> [What needs to be done]: No pictures in the copy. Write out the listing below exactly.

> [Raw data]:
────────────────
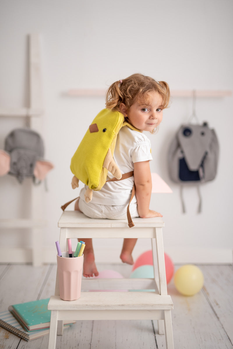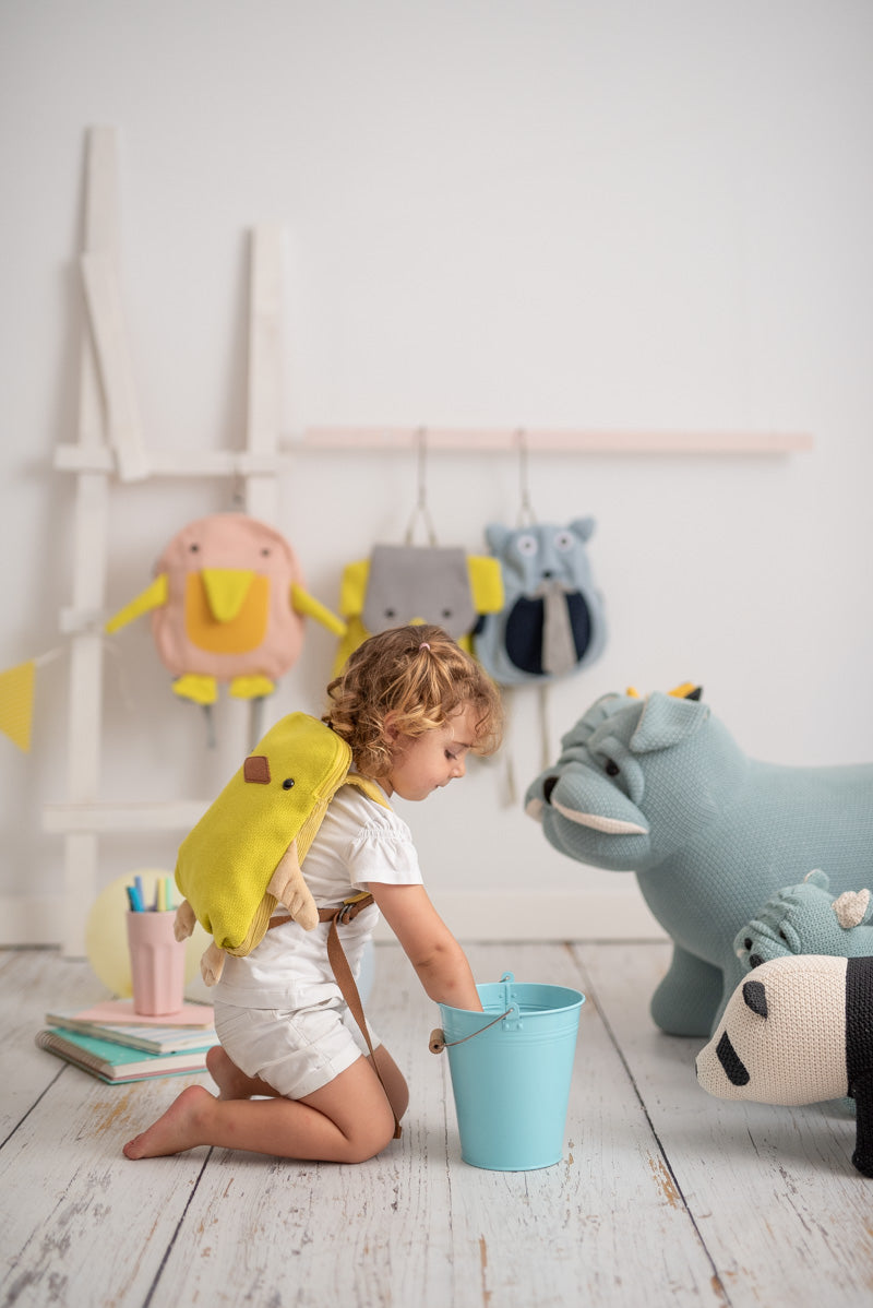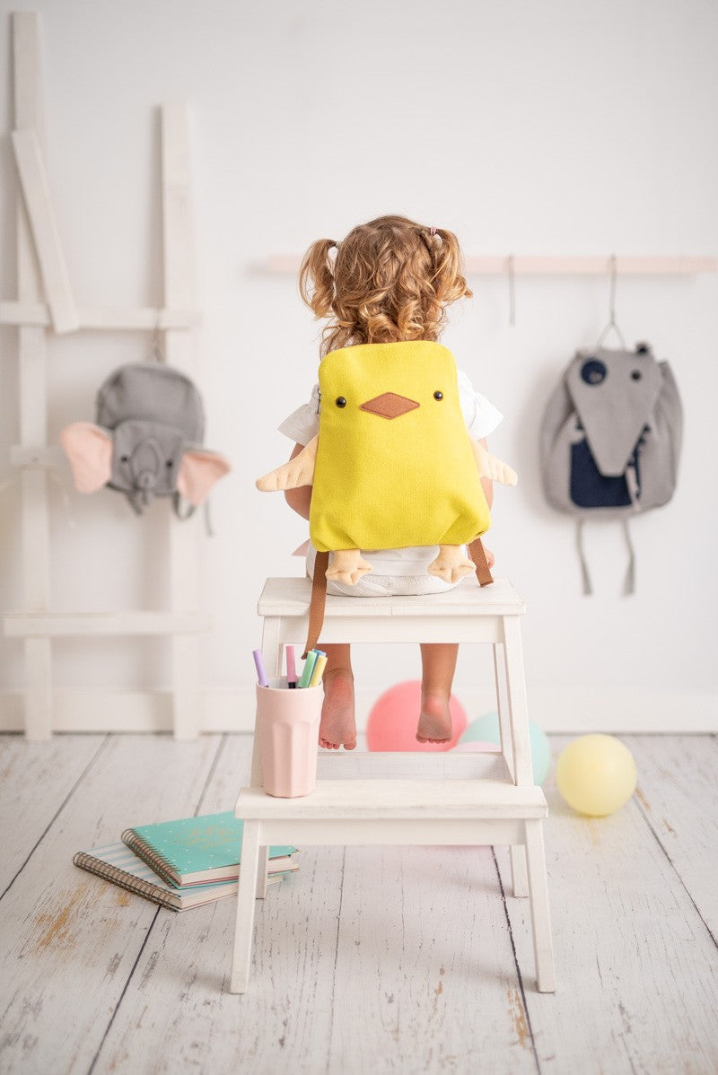 Todas nuestra mochilas están diseñadas pensando en los más pequeños. La mochila pollito dispone de un espacio de almacenaje con cierre en cremallera y asas ajustables.
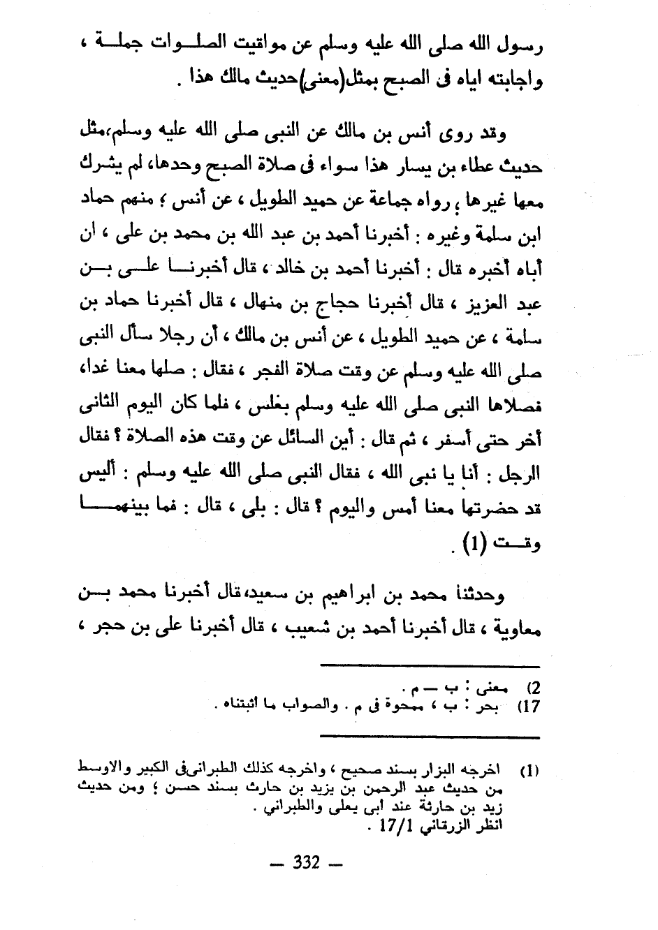 رسول الله صلى الله عليه وسلم عن مَوَاقِيتِ الصَّلَوَاتِ جُمْلَةً وَإِجَابَتَهُ إِيَّاهُ فِي الصُّبْحِ بِمِثْلِ (مَعْنَى) حَدِيثِ مَالِكٍ هَذَا وَقَدْ رَوَى أَنَسِ بْنِ مَالِكٍ عَنِ النَّبِيِّ صَلَّى اللَّهُ عَلَيْهِ وَسَلَّمَ مِثْلَ حَدِيثِ عَطَاءِ بْنِ يَسَارٍ هَذَا سَوَاءً فِي صَلَاةِ الصُّبْحِ وَحْدَهَا لَمْ يُشْرَكْ مَعَهَا غَيْرُهَا رَوَاهُ جَمَاعَةٌ عَنْ حُمَيْدٍ الطويل عن أنس منهم حماد ابن سَلَمَةَ وَغَيْرُهُ أَخْبَرَنَا أَحْمَدُ بْنُ عَبْدِ اللَّهِ بْنِ مُحَمَّدِ بْنِ عَلِيٍّ أَنَّ أَبَاهُ أَخْبَرَهُ قَالَ أَخْبَرَنَا أَحْمَدُ بْنُ خَالِدٍ قَالَ أَخْبَرَنَا عَلِيُّ بْنُ عَبْدِ الْعَزِيزِ قَالَ أَخْبَرَنَا حَجَّاجُ بْنُ مِنْهَالٍ قَالَ أَخْبَرَنَا حَمَّادُ بْنُ سَلَمَةَ عَنْ حُمَيْدٍ الطَّوِيلِ عَنْ أَنَسِ بْنِ مَالِكٍ أَنَّ رَجُلًا سَأَلَ النَّبِيَّ صَلَّى اللَّهُ عَلَيْهِ وَسَلَّمَ عَنْ وَقْتِ صَلَاةِ الْفَجْرِ فَقَالَ صَلِّهَا مَعَنَا غَدًا فَصَلَّاهَا النَّبِيُّ صَلَّى اللَّهُ عَلَيْهِ وَسَلَّمَ بِغَلَسٍ فَلَمَّا كَانَ الْيَوْمُ الثَّانِي أَخَّرَ حَتَّى أَسْفَرَ ثُمَّ قَالَ أَيْنَ السَّائِلُ عَنْ وَقْتِ هَذِهِ الصَّلَاةِ فَقَالَ الرَّجُلُ أَنَا يَا نَبِيَّ اللَّهِ فَقَالَ النَّبِيُّ صَلَّى اللَّهُ عَلَيْهِ وَسَلَّمَ أَلَيْسَ قَدْ حَضَرْتَهَا مَعَنَا أَمْسَ وَالْيَوْمَ قَالَ بَلَى قَالَ فَمَا بَيْنَهُمَا وَقْتٌ وَحَدَّثَنَا مُحَمَّدُ بْنُ إِبْرَاهِيمَ بْنِ سَعِيدٍ قَالَ أَخْبَرَنَا مُحَمَّدُ بْنُ مُعَاوِيَةَ قَالَ أَخْبَرَنَا أَحْمَدُ بْنُ شُعَيْبٍ قَالَ أَخْبَرَنَا عَلِيُّ بْنُ حَجَرٍ
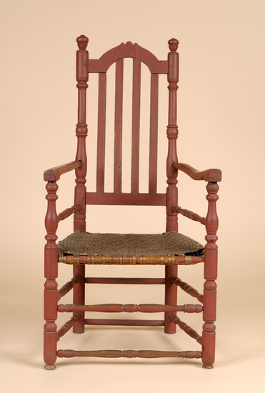 Bannister back arm chair; cane seat; painted red; front legs have pad feet; two front stretchers with ring and sausage turnings, same for double side stretchers; double plain round back stretchers; back legs round through seats; left arm with straight undercut round top; right arm different wood undercut with shallow curve; back stiles fancy turning and canted back ending in vase, ball and button finial; top rail straight ends with arched center and crown top; bannisters falt back, beaded and grooved center front (4 bannisters)
────────────────
> [Completed exercise]:
 Todas nuestra mochilas están diseñadas pensando en los más pequeños. La mochila pollito dispone de un espacio de almacenaje con cierre en cremallera y asas ajustables.
 رسول الله صلى الله عليه وسلم عن مَوَاقِيتِ الصَّلَوَاتِ جُمْلَةً وَإِجَابَتَهُ إِيَّاهُ فِي الصُّبْحِ بِمِثْلِ (مَعْنَى) حَدِيثِ مَالِكٍ هَذَا وَقَدْ رَوَى أَنَسِ بْنِ مَالِكٍ عَنِ النَّبِيِّ صَلَّى اللَّهُ عَلَيْهِ وَسَلَّمَ مِثْلَ حَدِيثِ عَطَاءِ بْنِ يَسَارٍ هَذَا سَوَاءً فِي صَلَاةِ الصُّبْحِ وَحْدَهَا لَمْ يُشْرَكْ مَعَهَا غَيْرُهَا رَوَاهُ جَمَاعَةٌ عَنْ حُمَيْدٍ الطويل عن أنس منهم حماد ابن سَلَمَةَ وَغَيْرُهُ أَخْبَرَنَا أَحْمَدُ بْنُ عَبْدِ اللَّهِ بْنِ مُحَمَّدِ بْنِ عَلِيٍّ أَنَّ أَبَاهُ أَخْبَرَهُ قَالَ أَخْبَرَنَا أَحْمَدُ بْنُ خَالِدٍ قَالَ أَخْبَرَنَا عَلِيُّ بْنُ عَبْدِ الْعَزِيزِ قَالَ أَخْبَرَنَا حَجَّاجُ بْنُ مِنْهَالٍ قَالَ أَخْبَرَنَا حَمَّادُ بْنُ سَلَمَةَ عَنْ حُمَيْدٍ الطَّوِيلِ عَنْ أَنَسِ بْنِ مَالِكٍ أَنَّ رَجُلًا سَأَلَ النَّبِيَّ صَلَّى اللَّهُ عَلَيْهِ وَسَلَّمَ عَنْ وَقْتِ صَلَاةِ الْفَجْرِ فَقَالَ صَلِّهَا مَعَنَا غَدًا فَصَلَّاهَا النَّبِيُّ صَلَّى اللَّهُ عَلَيْهِ وَسَلَّمَ بِغَلَسٍ فَلَمَّا كَانَ الْيَوْمُ الثَّانِي أَخَّرَ حَتَّى أَسْفَرَ ثُمَّ قَالَ أَيْنَ السَّائِلُ عَنْ وَقْتِ هَذِهِ الصَّلَاةِ فَقَالَ الرَّجُلُ أَنَا يَا نَبِيَّ اللَّهِ فَقَالَ النَّبِيُّ صَلَّى اللَّهُ عَلَيْهِ وَسَلَّمَ أَلَيْسَ قَدْ حَضَرْتَهَا مَعَنَا أَمْسَ وَالْيَوْمَ قَالَ بَلَى قَالَ فَمَا بَيْنَهُمَا وَقْتٌ وَحَدَّثَنَا مُحَمَّدُ بْنُ إِبْرَاهِيمَ بْنِ سَعِيدٍ قَالَ أَخْبَرَنَا مُحَمَّدُ بْنُ مُعَاوِيَةَ قَالَ أَخْبَرَنَا أَحْمَدُ بْنُ شُعَيْبٍ قَالَ أَخْبَرَنَا عَلِيُّ بْنُ حَجَرٍ
 Bannister back arm chair; cane seat; painted red; front legs have pad feet; two front stretchers with ring and sausage turnings, same for double side stretchers; double plain round back stretchers; back legs round through seats; left arm with straight undercut round top; right arm different wood undercut with shallow curve; back stiles fancy turning and canted back ending in vase, ball and button finial; top rail straight ends with arched center and crown top; bannisters falt back, beaded and grooved center front (4 bannisters)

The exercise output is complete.